As developers we are regularly told that we need to document our code. CloudFormation is Infrastructure as Code. If it is code, then we need to document it. That starts with the Description property at the top of the file. If you JSON for your templates, that’s it, you have no other opportunity to document your templates. On the other hand, if you use YAML you can add inline comments. Anywhere you need a comment, drop in a hash # and your comment. Your team mates will thank you.

JSON templates don’t support multiline strings. These days many developers have 4K or ultra wide monitors, we don’t want a string that spans the full width of our 34” screen. Text becomes harder to read once you exceed that “90ish” character limit. With JSON your multiline string becomes "[90ish-characters]\n[another-90ish-characters]\n[and-so-on"]. If you opt for YAML, you can use the greater than symbol (>) and then start your multiline comment like so:

Description: >
  This is the first line of my Description
  and it continues on my second line
  and I'll finish it on my third line.

As you can see it much easier to work with multiline string in YAML than JSON.

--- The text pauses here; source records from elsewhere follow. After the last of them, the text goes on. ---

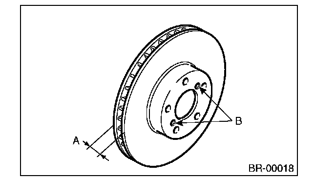 (2) If disc rotor is seized up on the hub, drive the disc rotor out by pushing two 8-mm bolts in holes B on the rotor.
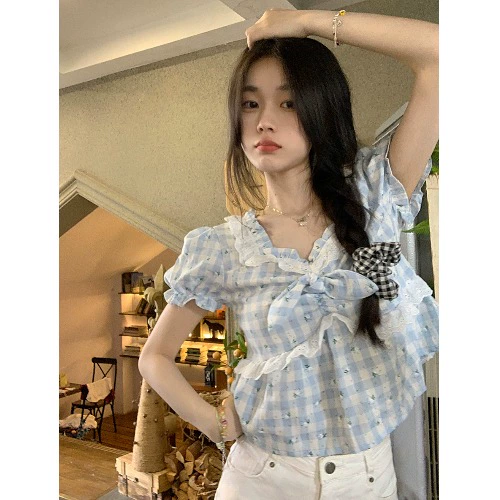 | nameOriginal | kumikumi sweet plaid lace patchwork shirt |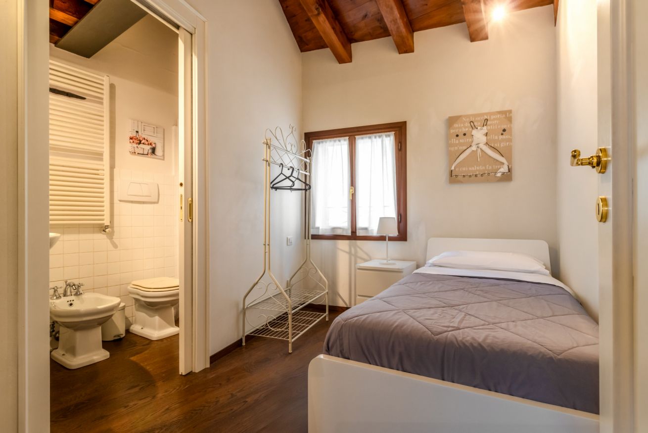 una deliziosa camera singola con bagno privato e doccia, ideale anche per chi viaggia da solo o per lavoro.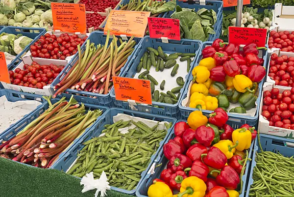 Gurken (Cucumis sativus) und Tomaten (Lycopersicon esculentum) in einem Foliengewächshaus

“Folded blocks” like the one above are created using the > replace new lines with spaces. This allows you to format your text in a more readable format, but allow a machine to use it as intended. If you want to preserve the new line, use the pipe (|) to create a “literal block”. This is great for an inline Lambda functions where the code remains readable and maintainable.

  APIFunction:
    Type: AWS::Lambda::Function
    Properties:
      Code:
        ZipFile: |
          import json
          import random


          def lambda_handler(event, context):
              return {"statusCode": 200, "body": json.dumps({"value": random.random()})}
      FunctionName: "GetRandom"
      Handler: "index.lambda_handler"
      MemorySize: 128
      Role: !GetAtt LambdaServiceRole.Arn
      Runtime: "python3.7"
		Timeout: 5

Both JSON and YAML require you to escape multibyte characters. That’s less of an issue with CloudFormation templates as generally you’re only using the ASCII character set.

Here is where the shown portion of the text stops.